You've got to go through it...

I've always absolutely loved an occasion. Anything that encompasses tradition and celebration with a sprinkle of individuality completely grips me. That's one (of the many) reasons I became so determined to get into funeral, something so traditional that has grown and developed with the influences of culture and time amazed me. The values and certain aspects are always there, but at every service there is that part of the person shining through, whether it's in the songs chosen, the flowers in their favourite colour or a eulogy given by a family member or friend.

Very often when a loved one passes if they have been poorly for sometime, family life becomes a bubble. Only nurses and doctors come in for the necessary, but other than that, the way of life that develops is very private. Then when they pass it can feel that as undertakers that we pop that bubble, coming in and taking away your loved one, who has become your reason for everything. I always try to talk to families and assure them I understand that feeling entirely. When my Grandad was poorly we were in the bubble completely, and when he passed (to the sounds of Barry White) and the undertakers came, it wasn't like they just took him, they took something so big it felt like a hole we could never fill and that we would all eventually fall into, as if we had nothing to hold onto that would keep us stable.

I say to families that we are not there to break anything, but also not to fix it either, although we wish we could. We are there to help them navigate the ship, not to steer it for them.

If you ever read the book The Bear Hunt, you'll remember the message as "You can't go over it, you can't go under have to go through it" and that right there, is grief. The only way out is through, and though when you get through life may never be the same remember, life is a journey not a destination and your strength of getting through the darkest of times will be exactly what lights the way for the days ahead.

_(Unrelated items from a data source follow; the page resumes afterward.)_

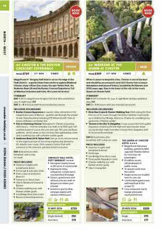 Magnificent 4* Shrigley Hall Hotel is set on the edge of the Peak District – a perfect base from which to explore Medieval Chester, enjoy a River Dee cruise, the epic Tatton Park, the Anderton Boat Lift and the Buxton Crescent Experience. Full of fabulous inclusions and visits, this is one not to miss!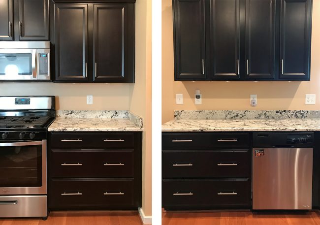 Along this stretch of wall, we chose to install the tile wherever the existing granite backsplash ran, which seemed to look the most intentional (like they had always been there, installed together at the same time). In the past we have removed that short piece of granite so the tile can go right to the countertop, but in this case they worked so well together that it felt better to leave it there – especially since it wasn’t worth the risk of damaging someone else’s granite counters in an attempt to get it off.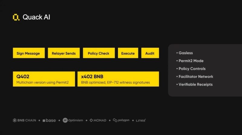 Quack AI has chosen a strategy of prioritizing real-world validation over rapid expansion. In this process, it is collaborating with Binance Chain (BNB) to operate x402 BNB as the first live implementation of the Q402 architecture.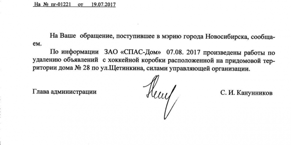 Номер жалобы:20979 Тип жалобы:Иные проблемы ЖКХ Название объекта:Управляющая Компания Регион:Новосибирская область Город:Новосибирск Адрес:ул. Щетинкина, 25 Описание жалобы:Надписи на хоккейной коробке Статус: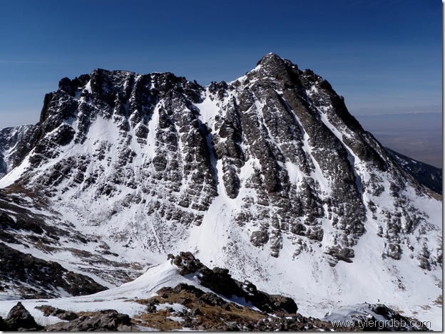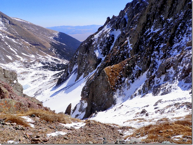 From here we could see the Needle rising from the ridge above us and some spectacular lines off the peak just to the south. Beyond those, the San Luis valley sprawled out for as far as the eye could see. The Sangres are unique in that they practically jut out from a valley floor on both sides and offer some cool views of the valley below.
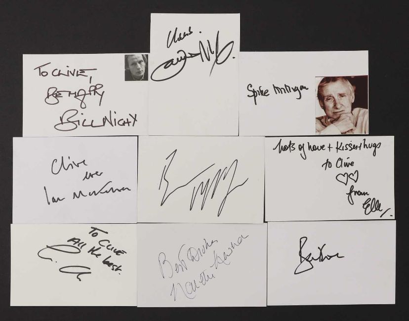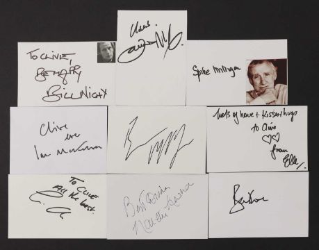 Actors M-O: Approximately eight hundred and ten autographs on white card, 10.5 x 15cm, including Elle MacPherson, James McAvoy, Ewan McGregor, Ian McKellen (x2), Spike Milligan, Roger Moore (x4), Nanette Newman, Bill Nighy and Clive Owen (qty.)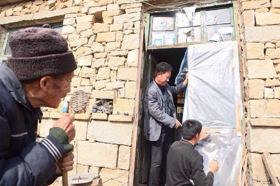 鄉(xiāng)親們?yōu)槎旁ɡ先碎T窗釘上薄膜保暖。
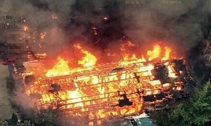 四川一居民楼被烧成空架 现场浓烟滚滚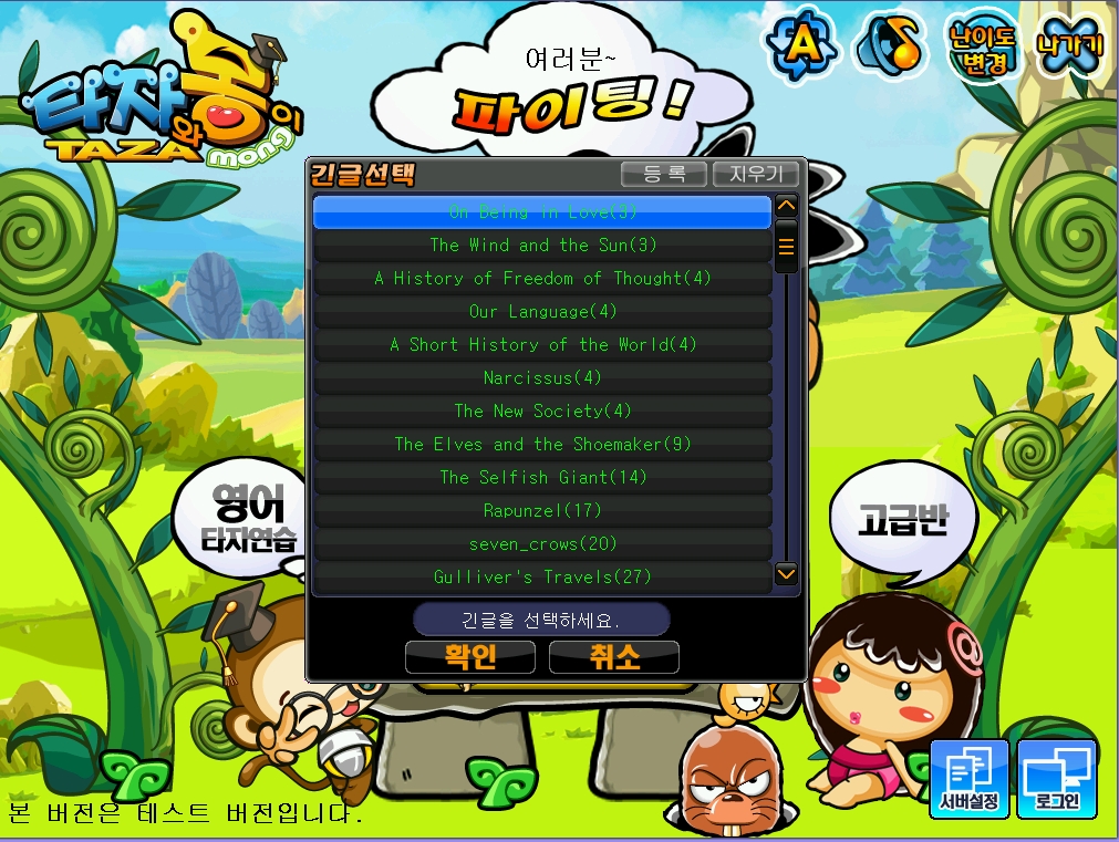 아래사진과 같이 단계별로 선택 할 수 있으며 영어버전, 한글 버전으로 구분해서 연습가능하며 사운드 조절, 난이도 조절도 가능합니다.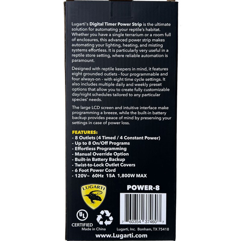 Lugarti's Digital Timer Power Strip is the ultimate solution for automating your reptile’s habitat. Whether you have a single terrarium or a room full of enclosures, this advanced power strip makes automating your lighting, heating, and misting systems effortless. It is particularly very useful in a reptile store setting, where reliable automation is paramount.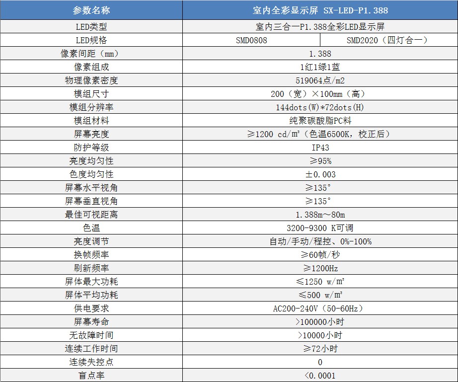 P1.388室內小間距高清全彩LED顯示屏技術參數: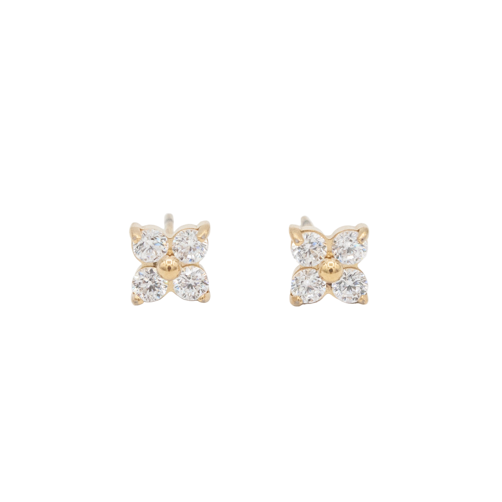 A modern twist on the classic clover. Set with sparkling CZ stones, these pointed studs strike the perfect balance between polish and play. Timeless shine with a hint of attitude.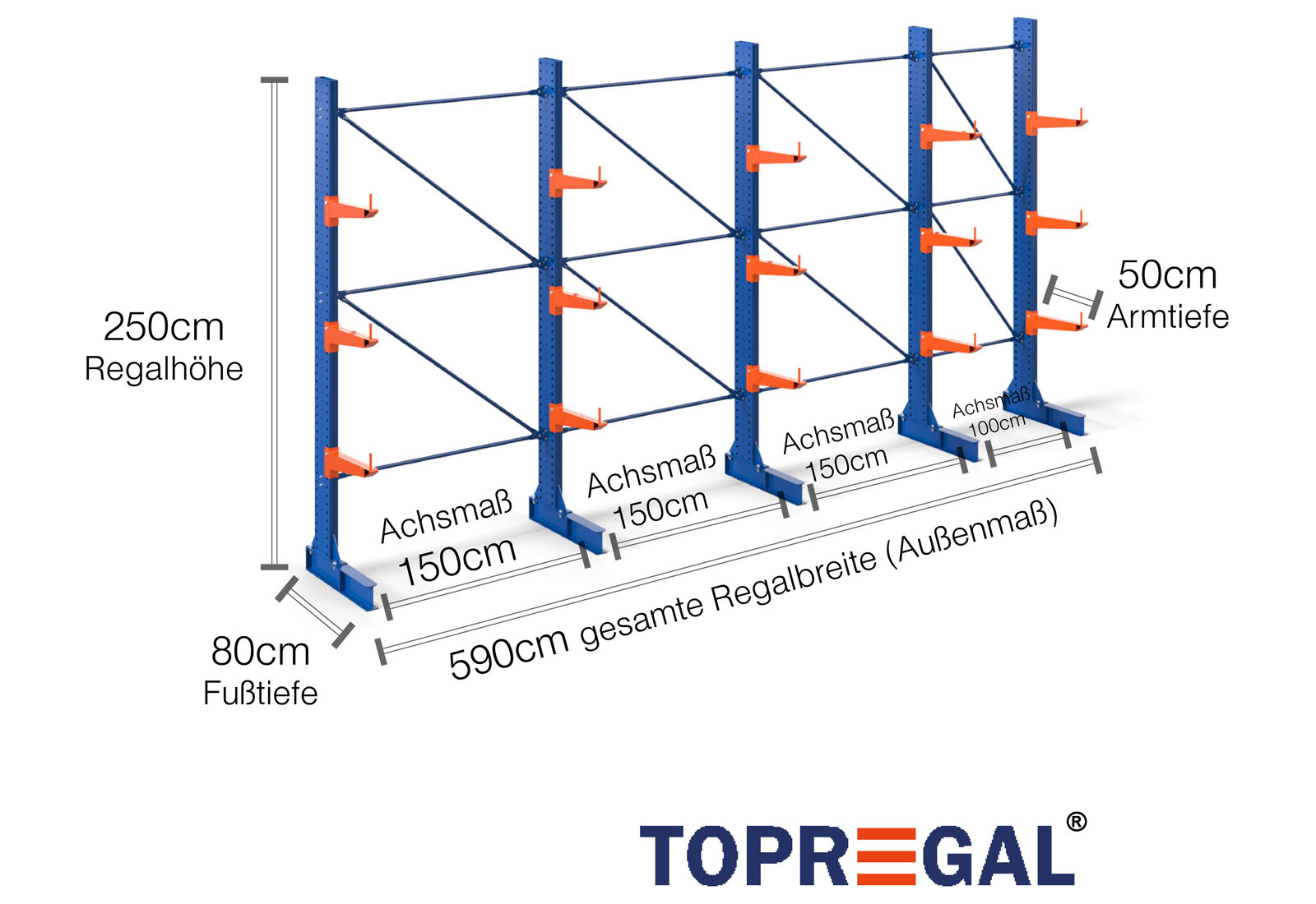 The axial dimension is the internal dimension between two shelf uprights. Depending on the cantilever type, we offer these fields in 120 cm (KR2500) and in 100 cm / 150 cm (KR3000 / KR6000).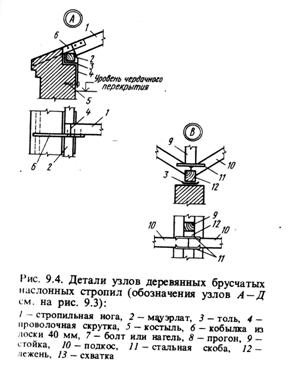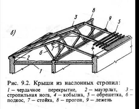 На рисунке показана двускатная крыша, образованная из наслонных стропил (стропильных ног) опирающихся на мауэрлаты (подстропильные брусья). Мауэрлаты могут быть из брусьев, укладываемых по всей длине здания, а также в виде брусьев – коротышей, укладываемых прерывисто (только под стропильные ноги). При пролете более 5 м стропильные ноги необходимо дополнительно поддерживать подкосами. Расстояние между стропилами принимают от 0,8 м до 1,7 м. На внутренние опоры укладывают прогоны, по которым через 3 – 6 м друг от друга устанавливают стойки, поддерживающие верхние прогоны. Нижние концы стропил обычно не выходят за пределы мауэрлата. Для крепления обрешетки в карнизной части крыши к стропильным ногам прибивают короткие доски – кобылки.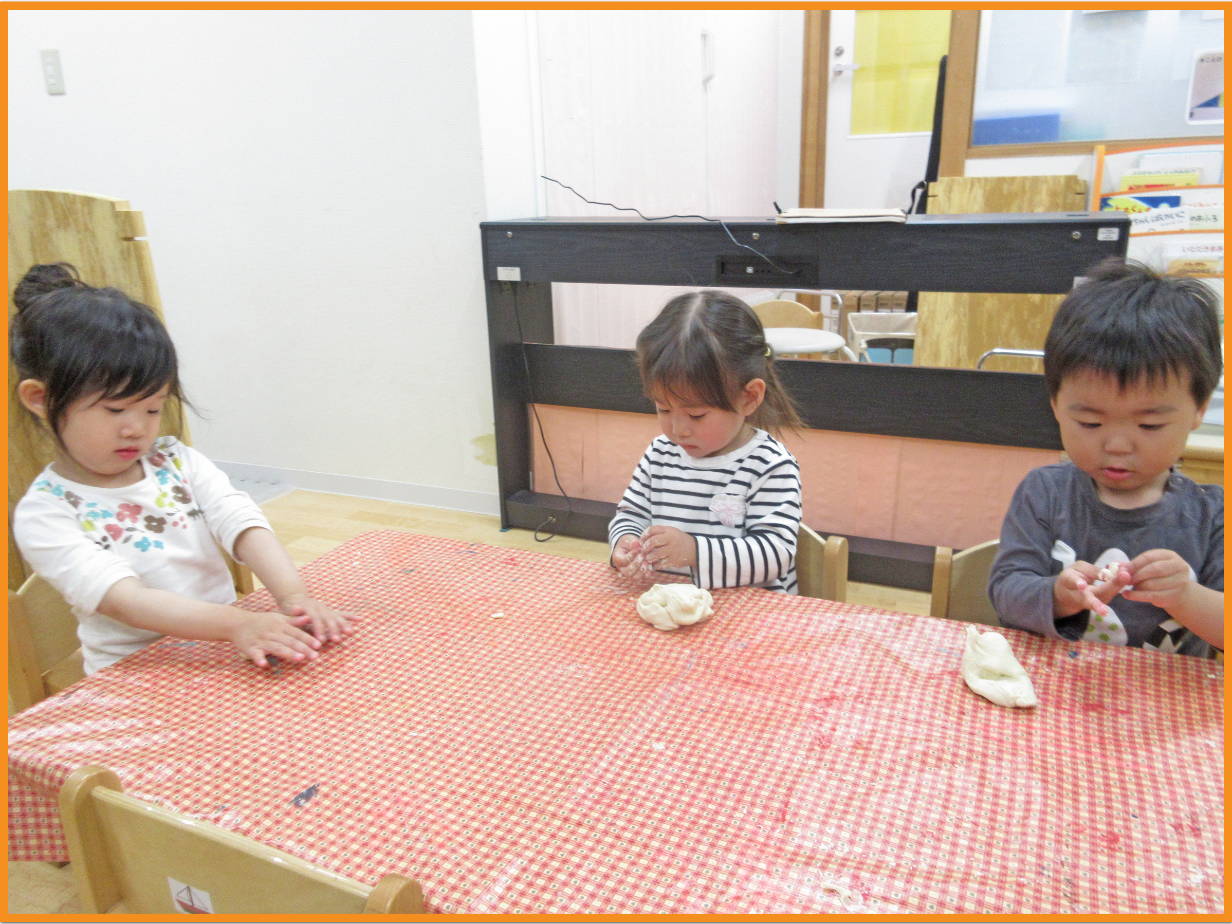 小麦粉粘土を渡すと、「餅みたいだね」「冷た~い!」と感触を言葉にしていました!

And us, as undertakers, sometimes viewed as a dark and depressing profession, we will be there holding the torch till you're ready to shine it yourself once more.

That doesn't mean we don't feel your pain, or are superhuman and unaffected by the sheer awfulness of grief. After bringing a young woman into care once I had to pull over as I was sobbing so badly, literally unable to drive thinking about the loss that family had endured. And very often when I attend a home that has lost their king or queen, I find myself mentally back in my grandparents living room, remembering how when my Grandad took his last breaths it felt like an avalanche was surrounding us as we surrounded him. Something so very loud and devastating, yet deafening and silent crashed down around us all. Those are the times that get to me, when I see the similarities. People are often so shocked I'm not more affected by the passing of children being a Mother myself. But I feel that I relate, and therefore am affected more, by the families that are experiencing the loss I have felt too.

Funeral is a wonderful industry to be a part of, and everyday I'm so honoured that I get to be a part of someone's final goodbye. There are tears, but also so much laughter and every now and then that little bit of magic that reminds me exactly why I'm so lucky.